Popular machine learning algorithms like linear regression, logistic regression, support vector machine (SVM), or k-nearest neighbors (kNN) are not equipped to manage datasets containing NaN (Not a Number) or null values. Consequently, attempting to fit these models with such incomplete data will result in errors.

These factors underscore the importance of addressing missing data prior to model training, highlighting the necessity of employing data imputation techniques.

Missing Data Imputation#

Missing data imputation refers to the process of estimating and replacing missing values within a dataset. It involves filling in the missing values with estimated values based on the known information in the dataset.

There are two types of missing data imputation: univariate and multivariate imputation.

Univariate data imputation#

Univariate imputation addresses missing data within a variable solely based on information within that variable, without considering other variables in the dataset.

For instance, consider a dataframe with exam results of 50 college students, and 5 data points are missing. Univariate imputation fills these 5 missing values based on operations such as mean, median, or mode of the 45 observed values. Alternatively, the missing data can be filled with arbitrary predefined values, such as -1, 0, 999, -999, or ‘Missing’, among others.

Multivariate data imputation#

In multivariate data imputation, we utilize observations from other variables in the dataset to estimate the values of missing observations. This method essentially imputes missing values by treating the imputation as a regression, using algorithms such as k-nearest neighbors or linear regression to estimate the missing values.

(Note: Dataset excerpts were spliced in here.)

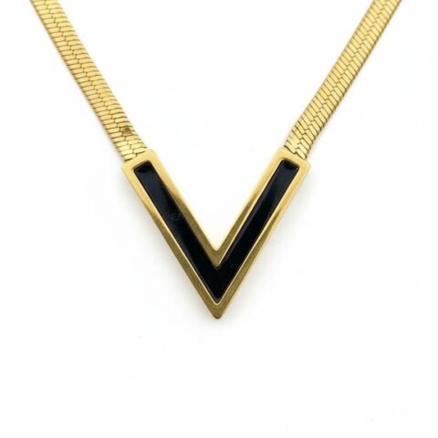18K Gold-Plated Black V-shape Necklace for Women – Waterproof, Anti-Tarnish Jewelry Gift for Her
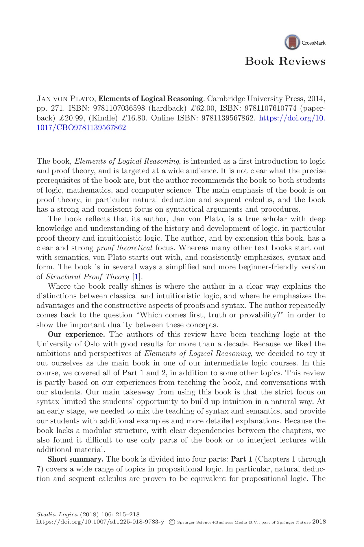 title = {Book Review: Jan von Plato, Elements of Logical Reasoning},
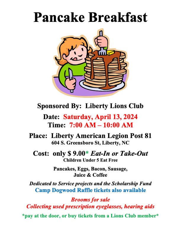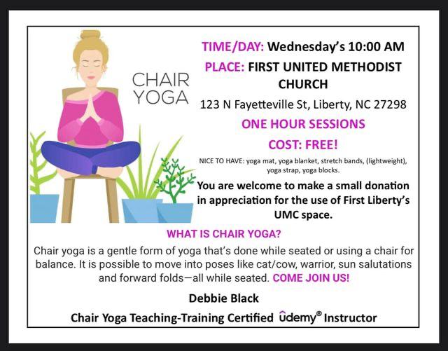 Where: First Baptist Church, 559 S. Fayetteville St. Liberty, NC
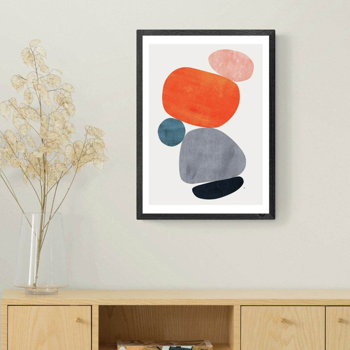 I love the Tracie Andrews print for its modern, abstract feel and versatile colour palette. It works well in contemporary or minimalist interiors, adding a splash of colour without overwhelming the space. This print is ideal for living rooms, bedrooms, or hallways where a touch of visual interest is needed. For styling, consider pairing it with sleek black or white frames to echo the border, and hang it at eye level for maximum impact. To keep the look cohesive, coordinate accessories with its colours-think soft cushions, throws, or accessories in the muted blue, warm orange, or grey tones. It’s a great piece for adding visual balance and a pop of colour to a pared-back room.
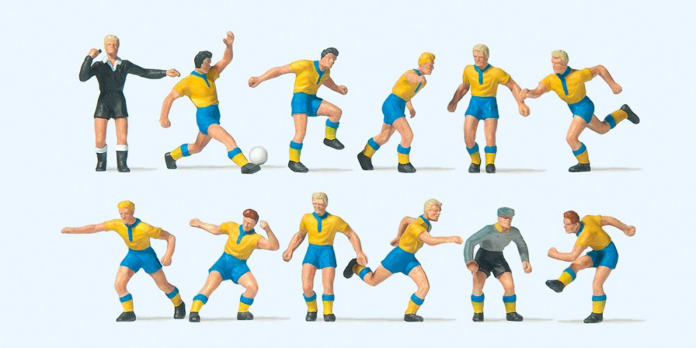 Fussballmanschaft Gelbe Trikots, blaue Hosen
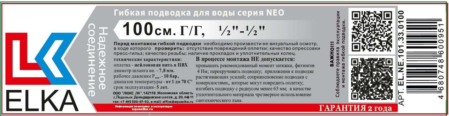 Гибкая подводка NEO обеспечит вам гарантию безопасной и долгой эксплуатации вашего оборудования.

For example, let’s say we have a dataset containing information on students’ grades, ages, and IQ scores, all of which have missing values. In this scenario, we can predict the missing grade values by employing a regression model trained on existing grade data, using age and IQ as predictors. Subsequently, we can apply the same regression imputation approach to the other variables (age and IQ) in subsequent iterations.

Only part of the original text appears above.